The Liberals have run a government that lied, repeatedly and for years, about what the economic cost of harmonizing the provincial sales tax with the federal GST would be — an entirely defensible policy that the Liberals, for some reason, pretended would not end up costing Ontario families more … which they later admitted it would. It’s a government that suddenly imposed an eco-tax on consumers — surprise! — and only backed off after the public noticed and became outraged. It’s a government that has committed to billions in ongoing spending by allowing the unionized broader public service to expand far faster than inflation and population growth would warrant, all in the name of buying “labour peace.” That labour peace, it should be noted, ended the instant the Liberals mused about slowing the volleys of cash being hurled the unions’ way. I guess it was more like renting labour peace.

While they were fighting all these battles, Ontario blew a billion bucks in a futile effort to create electronic health records

It’s a government that never saw a minor social irritant it didn’t want to legislate away. Under the Liberals, we’ve seen restrictions on junk food and trans fats in schools, bans on harmless garden-variety (literally) pesticides, and repeated crackdowns on tobacco sales and smoking in cars containing children, even though the children themselves can light up in the car without the police saying boo. It’s a government that considered enforcing a little-known, always-ignored provincial regulation requiring that sushi only be made with previously frozen seafood, but had to settle for banning pitbulls and teens in tanning beds, instead. While they were fighting all these battles, Ontario blew a billion bucks in a futile effort to create electronic health records and became a have-not province, but oh well. Don’t those dandelions on your lawn look fantastic?

The Liberals are a government that ran an air ambulance service that was better at streaming public dollars toward Liberal-friendly executives than it was at rescuing people using helicopters that were unsuited to the role, but sure looked pretty. It’s a government that spent perhaps as much as $1-billion public dollars cancelling two gas-fired power plants that it had previously vocally championed, once polls showed they might lose a couple of seats due to local opposition. Oh, and it’s a government that wrote off the entire town of Caledonia to lawlessness because it didn’t like the optics of sending in mostly white provincial police officers to deal with a small number of native thugs who were assaulting people and destroying property — crimes — during a land ownership dispute. McGuinty called it “peacekeeping.” When I asked him why police were tasked with peacekeeping, which is the military’s job, instead of enforcing the laws equally for all citizens, he shrugged and had no answer.

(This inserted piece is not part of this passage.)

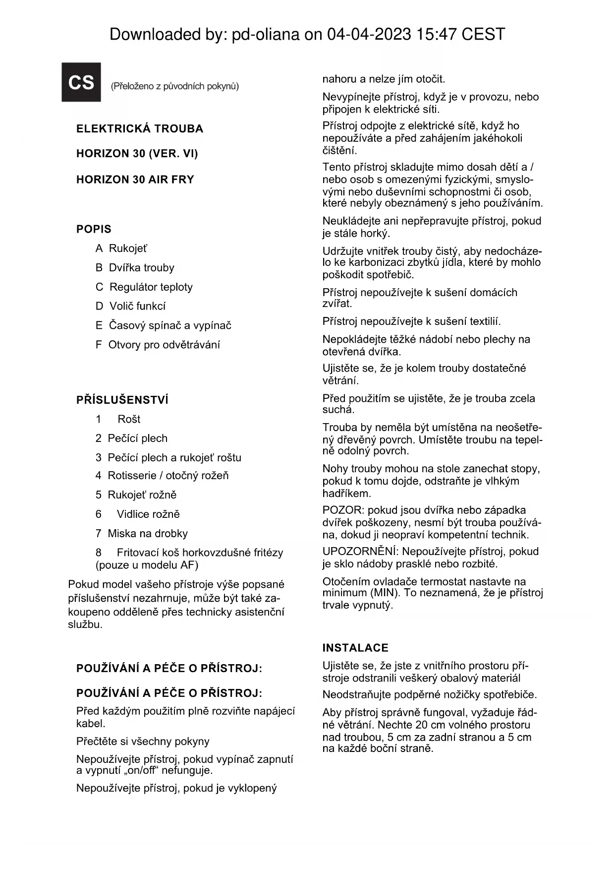 NÁVOD K OBSLUZE Horizon 30 Air Fry TAURUS

THE CANADIAN PRESS/Darren Calabrese

THE CANADIAN PRESS/Darren CalabreseOntario Premier Kathleen Wynne, left, and Glen Murray, Minister of Infrastructure, ride the subway while en route to Wynne’s speech at the Toronto Region Board of Trade in Toronto Monday, April 14, 2014.

The Ontario Liberals have a new leader now — Kathleen Wynne. She acknowledges that a lot of bad things happened under her predecessor’s watch, and even that she was involved with some of them. She had no choice, she insists, since she was “part of a government.”

It’s not quite “I was only following orders,” but it’s damn near close enough.

In a perfect world, Ontarians would have plenty of terrific options to choose from when searching for a replacement. But they don’t. Both the NDP and the Progressive Conservatives leave a lot to be desired. It’s entirely reasonable for Ontarians to be underwhelmed at what awaits them in their polling stations.

But a vote for either the Tories or the NDP is still better than a vote for the party that brought us everything recapped above, and so much more. It’s hard to imagine a party in more desperate need of a long, restorative spell in the wilderness of opposition than the Ontario Liberals. A vote for them is an endorsement of their record of mismanagement, waste and meddling. If Ontario returns another Liberal government, that record will continue, and that will be exactly what Canada’s most populous province deserves.